Indications are that the UAW will grant GM creative ways to further improve GM’s productivity – reflecting earlier statements by King that the union is looking for “creative solutions” that would avoid running up labor costs.  There could be subtle changes in other areas, perhaps medical care, that will also counter-balance any gains provided UAW members.

“We wanted a contract that provides our members with a real share of the success of the company and ensures its continued success. Our members cannot succeed unless the company succeeds, and we are strongly committed to that joint success, as this contract demonstrates,” said the UAW’s Ashton.

“We used a creative problem-solving approach to reach an agreement that addresses the needs of employees and positions our business for long-term success,” said Cathy Clegg, GM vice president, labor relations. “We worked hard for a contract that recognizes the realities of today’s marketplace, enabling GM to continue to invest in U.S. manufacturing and provide good jobs to thousands of American,” Clegg added.

Ashton said the UAW turned aside the company’s demands for major changes that would have altered its pension plan and rejected major concessions in health care.

“As everyone knows, we have had, and will continue to have, some real differences with GM,” he said. “We proved again today that through the collective bargaining process, we can provide decent wages, benefits and employment rights for workers while ensuring quality products and healthy profits for employers. We stand recommitted to our goal of organizing and fighting for all workers in the entire U.S. auto industry.”

Observers note that the ongoing labor talks had a silent partner sitting in on negotiations.  The Detroit makers have repeatedly said they must remain competitive with the so-called “transplant” auto factories – operated by most major foreign brands including Toyota, BMW and Hyundai – that now account for about a third of the vehicles sold in North America.

Though the cost gap has been narrowed, it has not been completely closed, outsiders caution.  And, if anything, “There will continue to be a downward pressure on the wages and benefits of all autoworkers,” King acknowledged.

If anything, that is only likely to encourage the UAW to now ramp up efforts to organize the transplants, a process that has been stymied since the first opened a quarter century ago.  Only two of the facilities now have UAW representation – and those only because they were originally opened as part of joint ventures between Japanese and U.S. makers.

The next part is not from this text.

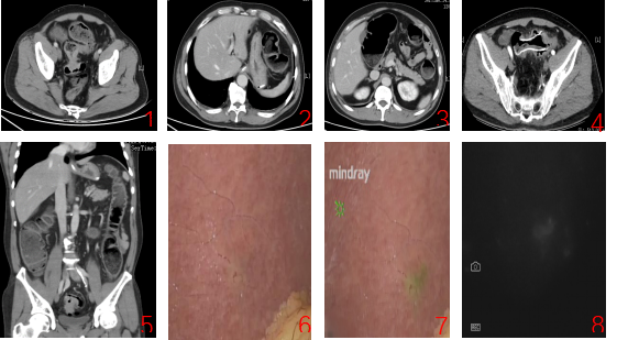 1:乙状结肠肿瘤;2.肝S3段病灶;3.肝S5段病灶;4.结肠支架;5.冠状位显示肿瘤位置;6:非荧光模式下无法探及病灶;7:荧光模式下肝转移灶;8:荧光模式下肝转移灶
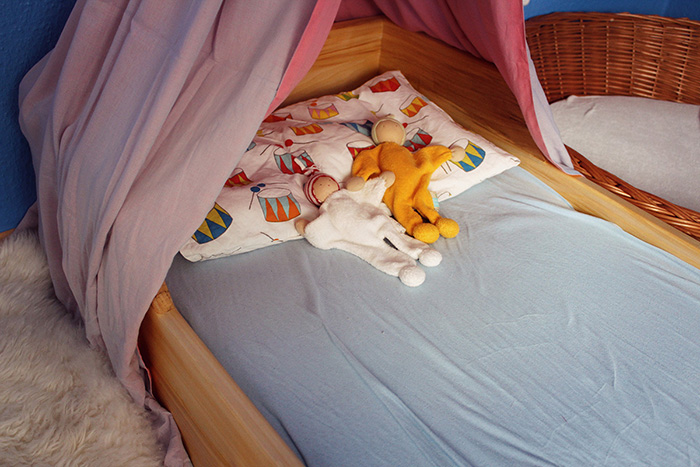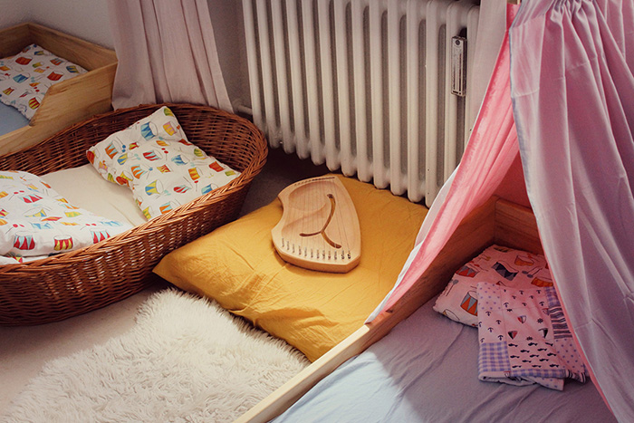 Im Schlafbereich ist alles so gestaltet, dass die Kinder hier friedlich und von uns begleitet zur Ruhe kommen. Weiche Lammfelle, leise Musik von unserer Leier und ein warmes Schlummerlicht sorgen für Geborgenheit, wenn jedes Kind in seinem Bettchen oder Schlafkorb zum Mittagsschlaf kommt.

Those organizing drives will have to wait, however, until the UAW completes its contract talks in Detroit.  The maker agreed to an indefinite extension with Ford – the only maker it can legally strike – while it focused on GM and Chrysler.

Hours before the Setpember 14th deadline it appeared Chrysler was ready to settle.  Indeed, that likelihood led CEO Sergio Marchionne to return from Europe, where he had addressed media at the Frankfurt Motor Show and was next to meet with German Chancellor Angela Merkel.  But UAW President King reportedly missed a meeting with Marchionne after the executive’s return, leading the CEO to fire off an angry letter that has since gone public.

Nonetheless, it is likely that the UAW will now press Chrysler to accept the same “pattern” contract GM has, and will then push Ford to sign on, as well.

Paul A. Eisenstein contributed to this report.